The director of Don't Look Now was once the cinematographer on an adaptation of this classic Poe tale in which red represents, literally and figuratively, the end of everything (there is even a billboard exclaiming "Venice in Peril," although no further detail is provided).  And why the color red?  There is no symbolic meaning other than its unnaturalness, its audacity, its boldness.  When Laura finally feels better, she puts on red leather boots and takes along a red purse.  But John experiences something drastically different: he begins to see a small, cowled red figure darting between the innumerable Venetian alleys.  He is told that there is a killer on the loose, but that red coat reminds him so much of Christine (he even sees her reflection in the water as the figure scampers by) that he cannot decide whether what he sees is a symbol of Good or a harbinger of his own doom.  You will hold your breath whenever red enters your purview – it is rather amazing – and you will feel the mounting turpitude in the empty streets, the scowls, the subdued disdain that John and Laura find on every face.  There are many faces in the crowd, one of whom is the bishop (Massimo Serato) of the Church that John is restoring, and you do not have to see the film twice to notice something incredibly wrong with this man.  I suppose there's a reason the bishop asks Laura whether she is a Christian, and she says she's nice to children and animals because that is what we think of Christians today.  The bishop winces at the thought of foul play, although one gets the impression that he owes his annoyance to not having thought of the misdeed himself.  "I hope that's not another murder," he says casually as a body is fished out of the canals, while every part of his face and body hints at a mild satisfaction with the outcome.
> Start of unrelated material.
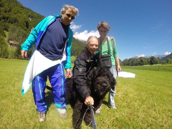 28. August 2014 Mein Chef mach heute einen Gleitschirmflug. Ich weiss von all dem nichts. Aber ich darf ihn beim Landeplatz begrüssen! Da freut er sich bestimmt.
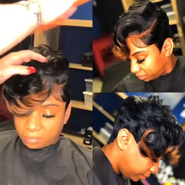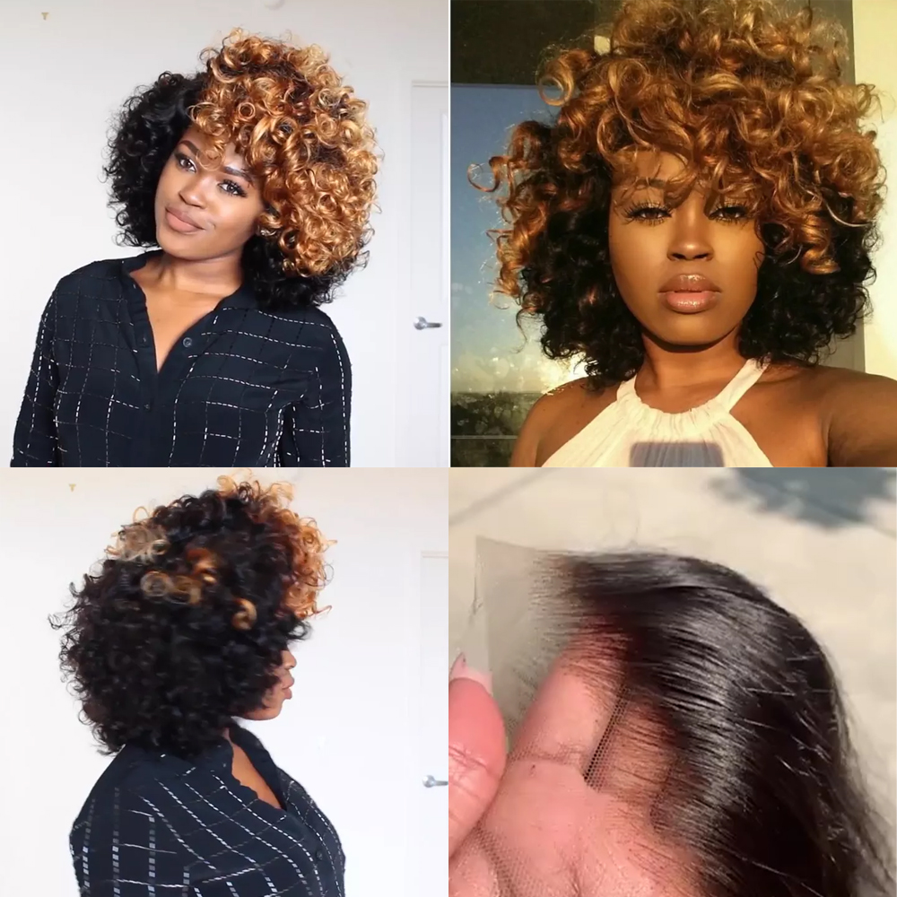 🔥Hot| Glueless Lace Front 🔥Black Mix Gold Short Wavy Bob Pixie Cut With Bangs For Black Women

Yet what is most wonderful about this film is the proximity of its angles: simply anything could jump out from any corner at any time.  The buildup, as is the case in any great story of suspense, is painfully slow to the point that you will want what is about to happen more than the characters who are living it (most evident perhaps in the fantastic scaffolding scene, in which we feel as disoriented as the people involved).  The camera lingers on doors, corners, windows, empty spaces, and we fill them with our fears.  The strange scene in which the bishop is talking at, but not to, a beautiful and ashamed woman sitting across his pious desk; the blind woman going up the steps without any help; the twitch in the deputy's face as John leads the blind woman out of the detention center; the quick interlude where the psychic and her sister are seen cackling in their room as Laura tells John that these "two neurotic old ladies" are helping her get over the tragedy; the bust in the room of the psychic and her sister, a small boy in ebony called Angus, who also died very young; a devilish bust underneath a hood atop what appears to be one of the church's gargoyles, which might foreshadow another scene; the passing, as John discusses the matter with an Italian official, of a couple of old women underneath the official's window as he starts making blasphemously evil doodles on the police drawings of these women; the fact that John is reading this German play about the ills of the Catholic church in the original language.  All of these details converge around a statement about John made by one of the characters that he never gets a chance to hear.  What he does hear is that the canals sound different to Heather – they sound "like a city in aspic full of dead people after a dinner party," at which point she mentions the greatest of all poets and his love for Venice.  All the scenes are linked by virtue of their being gathered together, just like the nightmare whose form they assume.  A shame perhaps that such a clever and unusual movie would have such a tepid, almost banal title (you can blame the original work); yet evil, real evil, is always banal.  And at the end of this nightmare there is little more than evil.